• **Given entries**
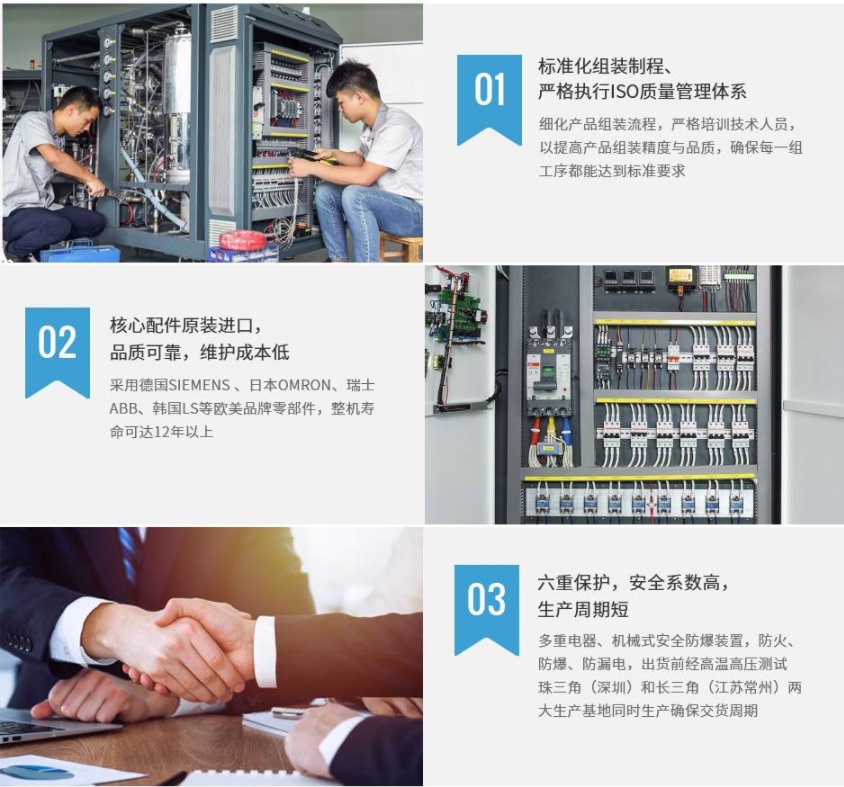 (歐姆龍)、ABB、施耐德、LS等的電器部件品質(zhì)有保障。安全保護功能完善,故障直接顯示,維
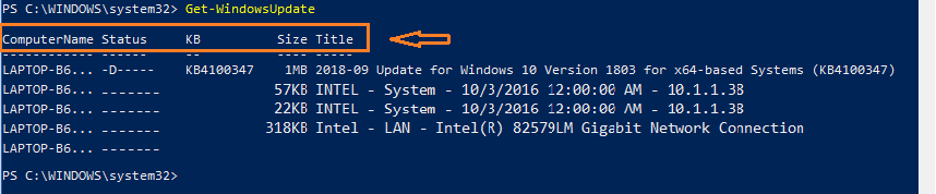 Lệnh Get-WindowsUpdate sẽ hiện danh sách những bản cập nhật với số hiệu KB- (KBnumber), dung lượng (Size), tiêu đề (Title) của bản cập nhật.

==

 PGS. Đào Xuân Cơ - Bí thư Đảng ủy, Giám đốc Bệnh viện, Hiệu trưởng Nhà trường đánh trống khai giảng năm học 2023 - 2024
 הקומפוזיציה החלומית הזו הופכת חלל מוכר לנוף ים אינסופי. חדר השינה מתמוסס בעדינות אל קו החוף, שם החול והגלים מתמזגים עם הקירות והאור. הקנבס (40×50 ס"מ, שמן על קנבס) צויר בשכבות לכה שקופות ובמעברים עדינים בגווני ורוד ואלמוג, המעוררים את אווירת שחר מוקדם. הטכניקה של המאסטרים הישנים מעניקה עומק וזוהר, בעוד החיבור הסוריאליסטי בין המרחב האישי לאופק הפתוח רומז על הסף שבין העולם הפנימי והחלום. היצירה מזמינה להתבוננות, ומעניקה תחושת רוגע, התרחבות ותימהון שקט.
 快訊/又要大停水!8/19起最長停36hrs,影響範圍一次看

==

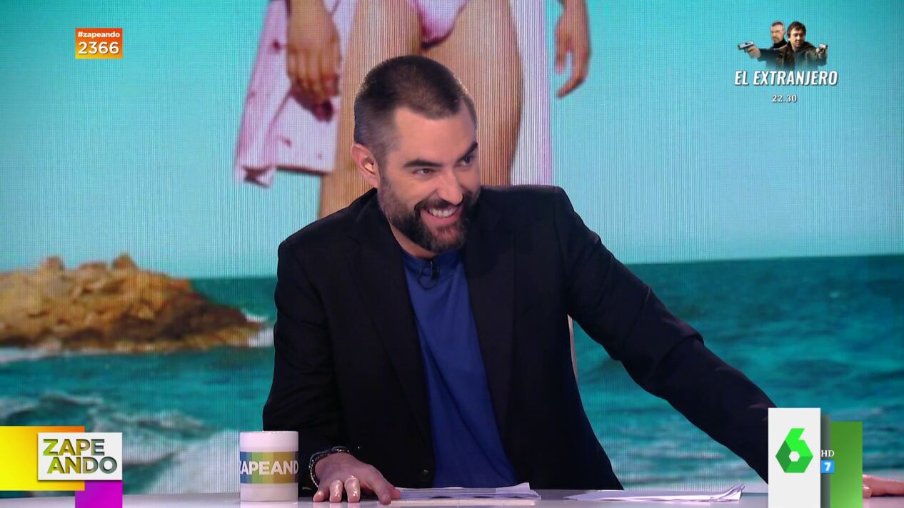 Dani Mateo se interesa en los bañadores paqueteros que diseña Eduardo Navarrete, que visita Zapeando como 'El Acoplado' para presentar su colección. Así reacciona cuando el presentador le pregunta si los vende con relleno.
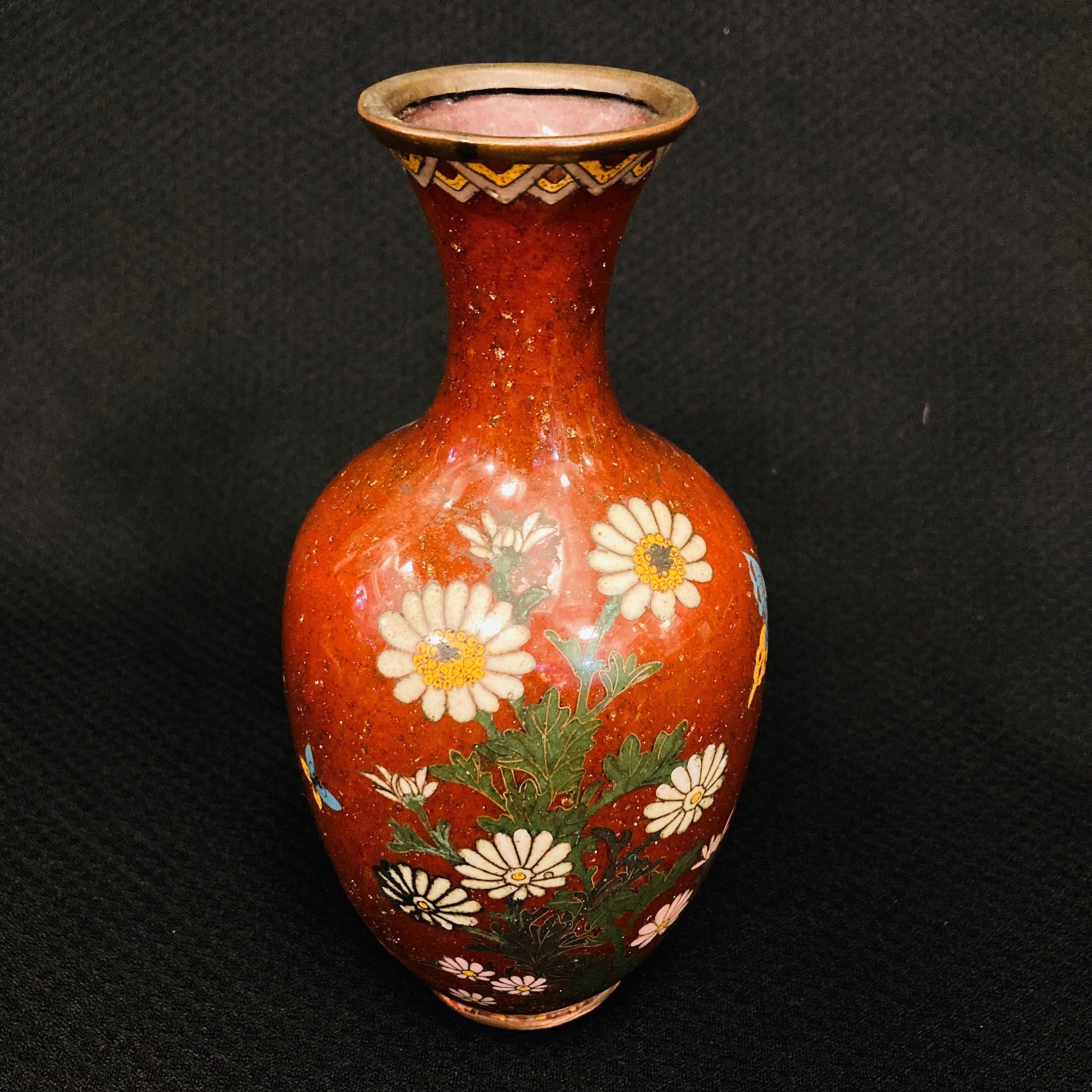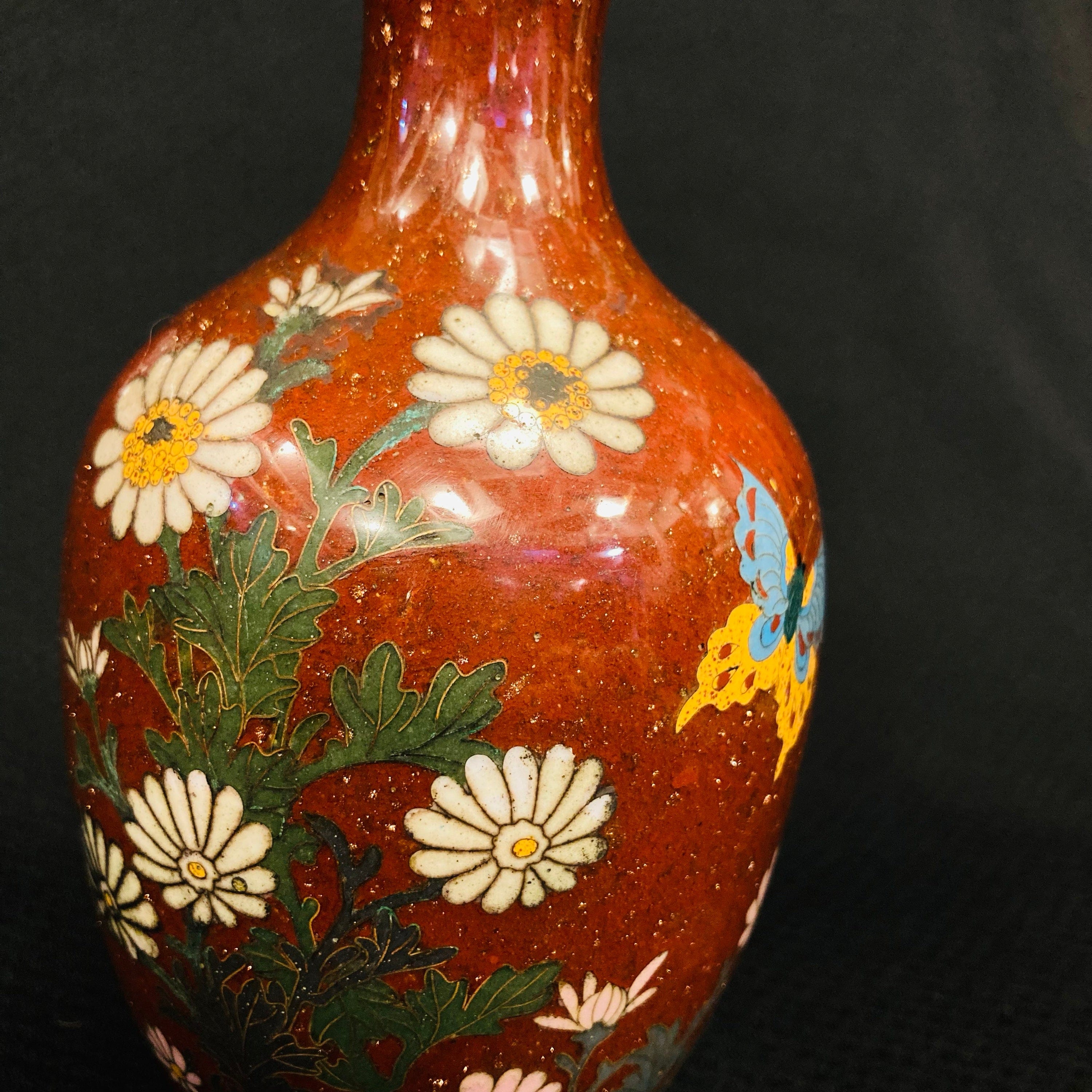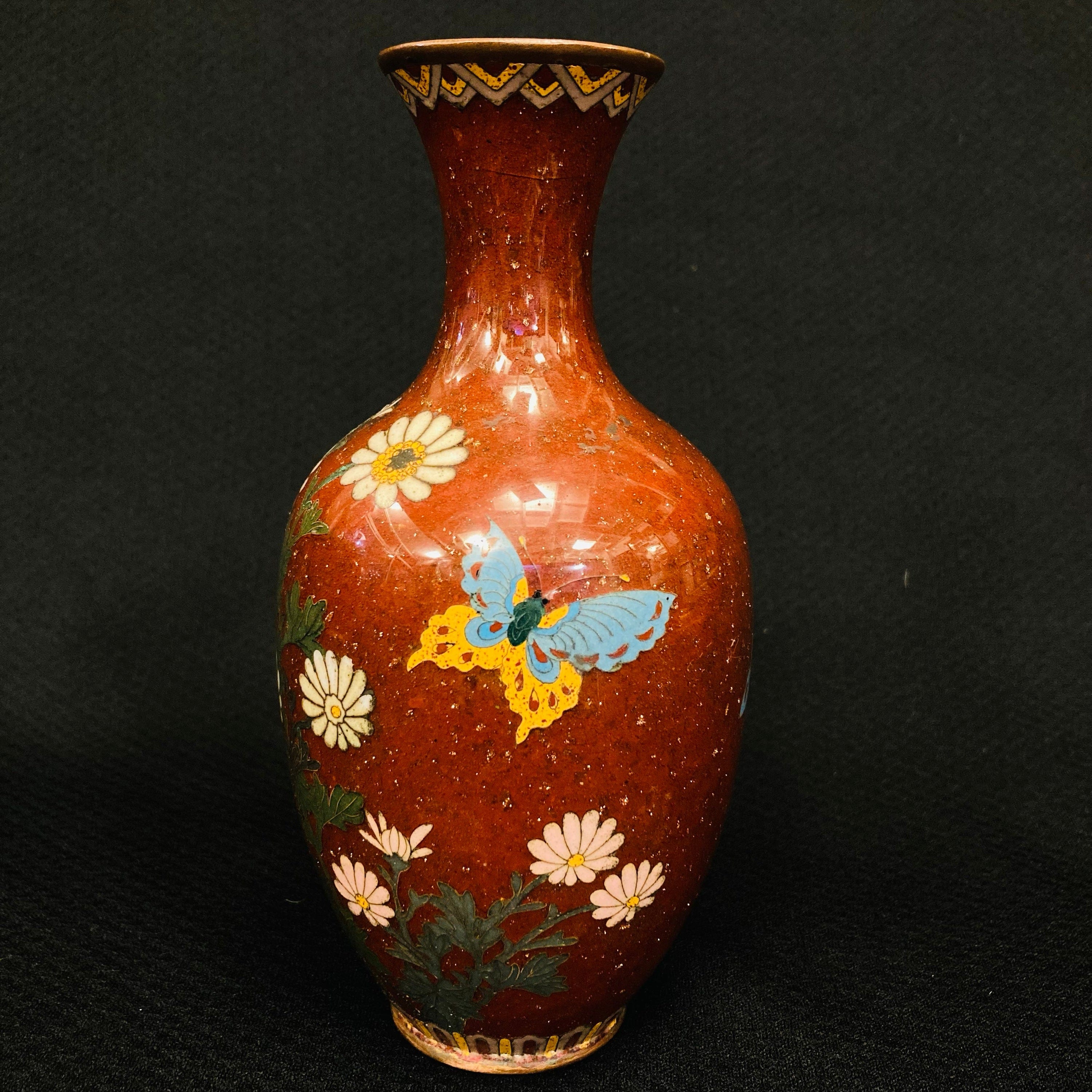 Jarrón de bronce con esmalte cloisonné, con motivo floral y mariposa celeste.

• **Task to carry out**
Exactly the lines starting at the one above with "(歐姆龍)、ABB、施耐德、" and ending at the one with "Lệnh Get-WindowsUpdate sẽ" should be printed, and nothing else. Omit the pictures.

• **Output for this exercise**
 (歐姆龍)、ABB、施耐德、LS等的電器部件品質(zhì)有保障。安全保護功能完善,故障直接顯示,維
 Lệnh Get-WindowsUpdate sẽ hiện danh sách những bản cập nhật với số hiệu KB- (KBnumber), dung lượng (Size), tiêu đề (Title) của bản cập nhật.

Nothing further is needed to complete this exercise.